The basic idea in object-oriented programming is encapsulating data and operations on the data into a single structure. Since we can create pointers to functions, we can therefore create structures that contain both data variables and functions that manipulate these data variables. We shall also see a basic form of inheritance.
In the following example, we'll create a base
Animal class, and from it derive a
Human class and
Duck class. Take the terms
class,
method and
attribute as used below with a pinch of salt.
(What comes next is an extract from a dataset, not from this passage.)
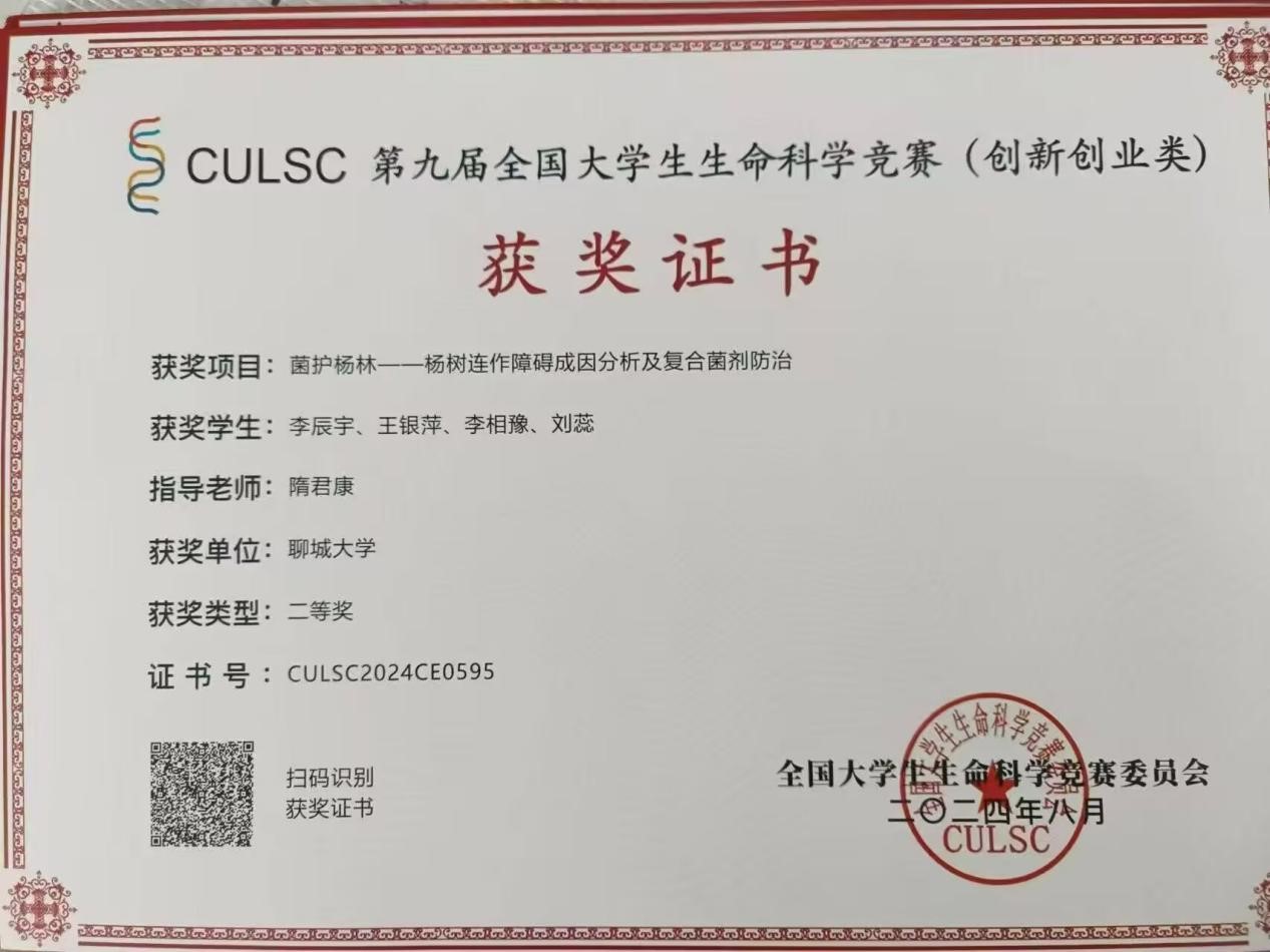 世界杯刘蕊同学在CULSC第九届全国大学生生命科学竞赛中荣获二等奖,对该获奖同学予以祝贺表彰。

Object-oriented programming is implemented in different ways in the major programming languages in use.
We first create the
Animal class:
#include <stdio.h>
#include <string.h>
#include <stdlib.h>
typedef struct {
char *description;
void (*move)(void *self, int steps);
void (*make_sound)(void *self);
void (*destroy)(void *self);
int (*init)(void *self, const char *description);
} Animal;
void Animal_move(void *self, int steps)
{
printf("Moves %d steps\n", steps);
}
void Animal_sound(void *self)
{
printf("Makes a sound\n");
}
void Animal_destroy(void *self)
{
Animal *this = self;
if (this) {
if (this->description) free(this->description);
free(this);
}
}
int Animal_init(void *self, const char *description)
{
Animal *this = self;
this->description = strdup(description);
return 1;
}
void *Animal_new(Animal proto, size_t size, const char *description)
{
if (!proto.move) proto.move = Animal_move;
if (!proto.make_sound) proto.make_sound = Animal_sound;
if (!proto.destroy) proto.destroy = Animal_destroy;
if (!proto.init) proto.init = Animal_init;
Animal *animal = calloc(1, size);
*animal = proto;
int initval = animal->init(animal, description);
if (initval)
return animal;
else
return NULL;
}
#define NEW(N, d) Animal_new(N##Proto, sizeof(N), d)
Lines 5-11:
Animal class, with an attribute
description and methods
move,
make_sound,
destroy and
init.
Lines 13-38: Function definitions for the above Animal methods.
Lines 40-55: The object creation function. Takes in an
Animal prototype, assigns methods and allocates heap memory for the object.
Line 47: The memory space allocated depends on the parameter size passed to the function. This is useful if the object is a sub-class of
Animal with a bigger size. More on this later.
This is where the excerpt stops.